Murray wirft Federer aus den Top Drei

Der Tennis-Seriensieger zieht am Schweizer vorbei. Petra Kvitova gewinnt in Linz.

von Harald Ottawa

Während der Serbe Novak Djokovic pausiert, eilt Andy Murray von Turniersieg zu Turniersieg. Nach den Titeln von Bangkok und Tokio holte sich der 24-Jährige auch jenen von Schanghai. Im Finale des Masters-1000-Turnier besiegte er den Spanier David Ferrer mit 7:5 und 6:4.

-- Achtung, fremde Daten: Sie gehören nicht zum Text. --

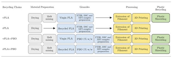 Four different recycling chains, Figure 1, composed by the material preparation, filament extrusion, fabrication of 3D samples, evaluation of properties, and plastic recycling, were employed in order to access the recyclability of PLA and the recovery of its properties via the addition of PBO. The first recycling process chain was based on the neat PLA and will be referred hereafter as vPLA. A second recycling chain based on recycled PLA obtained through a mechanical recycling simulation encompassed by the processes of drying, filament extrusion, and 3D printing was considered as a reference for the behavior of the recycled material and will be designated hereafter as rPLA. The remaining recycling process chains were obtained by the compatibilization of the neat and recycled polymer with PBO and will be referred as vPLA+PBO and rPLA+PBO. The CE content was fixed on 1% w/w based on the knowledge gathered from previous works involving the upgrading strategies for recycled PLA [].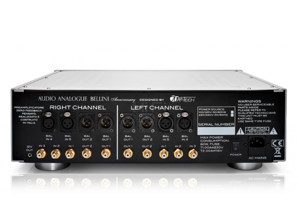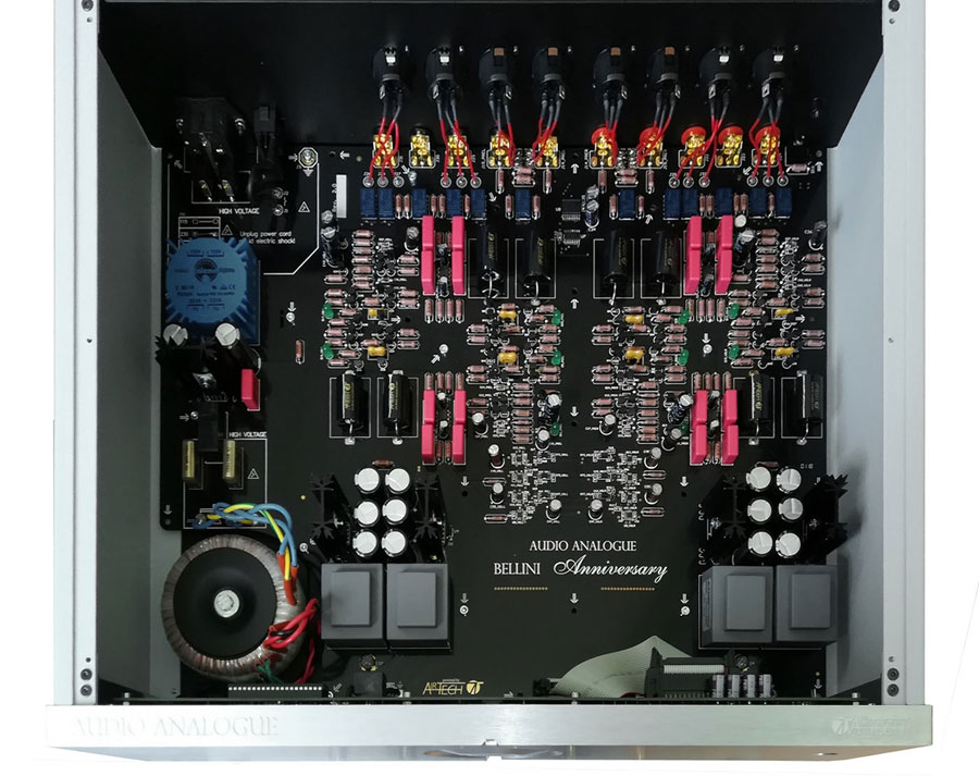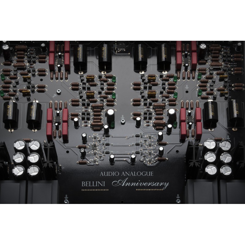 Le préamplificateur Bellini Anniversary, le nouveau né d’Audio Analogue, conçu dans les laboratoires Airtech, fait partie de la gamme Anniversary et propose à nouveau un des produits historiques d’Audio Analogue. La seule chose en commun entre ce nouveau modèle et les versions précédentes de Bellini reste uniquement dans le nom, alors que le projet et les solutions techniques utilisées sont complètement nouveaux. Partant de l’excellente base constituée par la section de pré-amplification de l’amplificateur intégré Maestro Anniversary, les nouveautés par rapport à ce dernier sont toutefois multiples. Le premier est l’étage de l’alimentation qui a été complètement repensé à l’aide d’un filtrage inductif-capacitif afin de minimiser les perturbations de celle-ci. L’inductance du filtre a été conçue et fabriquée spécifiquement pour cet appareil. L’étage d’amplification, appelé SeGeSTA (amplificateur de transconductance d’étape à gain simple), a été conçu pour rendre le préamplificateur encore plus silencieux tout en maintenant la structure complètement équilibrée et sans rétroaction globale. Le circuit comporte 4 couches et le positionnement des composants a été soigneusement étudié pour éviter les croisements entre les signaux d’entrée et de sortie et surtout entre les signaux de commande numériques et les signaux analogiques sensibles. L’utilisation de composants de niveau supérieur et le câblage interne réalisé avec des câbles en cuivre pur 7N OCC complètent le tableau. Bellini Anniversary est disponible dans les finitions argentée et noire et est fourni avec une télécommande en aluminium massif et un cordon d’alimentation Airtech.
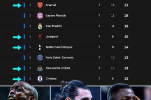 欧冠联赛阶段还剩最后一轮,积分榜前8名中英超球队占据5席!掌握直通淘汰赛主动权💪🏴

Für die Weltrangliste hat das Meisterstück auch eine besondere Bedeutung: Murray gewinnt zwar als Titelverteidiger keine Punkte, Roger Federer verliert aber seine vom Finaleinzug des Vorjahres. Das heißt: Der Brite überholt den Schweizer und ist nun Dritter. Nichts Besonderes an sich, Murray war vor zwei Jahren schon einmal die Nummer zwei. Federer, der in Schanghai pausierte, wird aber ab Montag erstmals seit Juni 2003 nicht mehr in den Top 3 der Welt sein.

Vorne ist alles geregelt: Djokovic wird das Jahr als Nummer eins abschließen. Zuletzt machte dem Aufsteiger ein Muskeleinriss im Rippenbereich zu schaffen, mittlerweile trainiert er aber wieder in Monte Carlo. "Es wird besser. Er wird Anfang November in Basel und danach in Paris spielen", sagt Konditionstrainer Gebhard Gritsch.

Kvitova siegt in Linz

Im Damen-Tennis war diese Woche Linz das Zentrum. Wimbledon-Siegerin Petra Kvitova holte sich bei ihrem vierten Antreten den ersten Titel bei den Generali Ladies. Die Tschechin schlug im Finale die Slowakin Dominika Cibulkova 6:4, 6:1.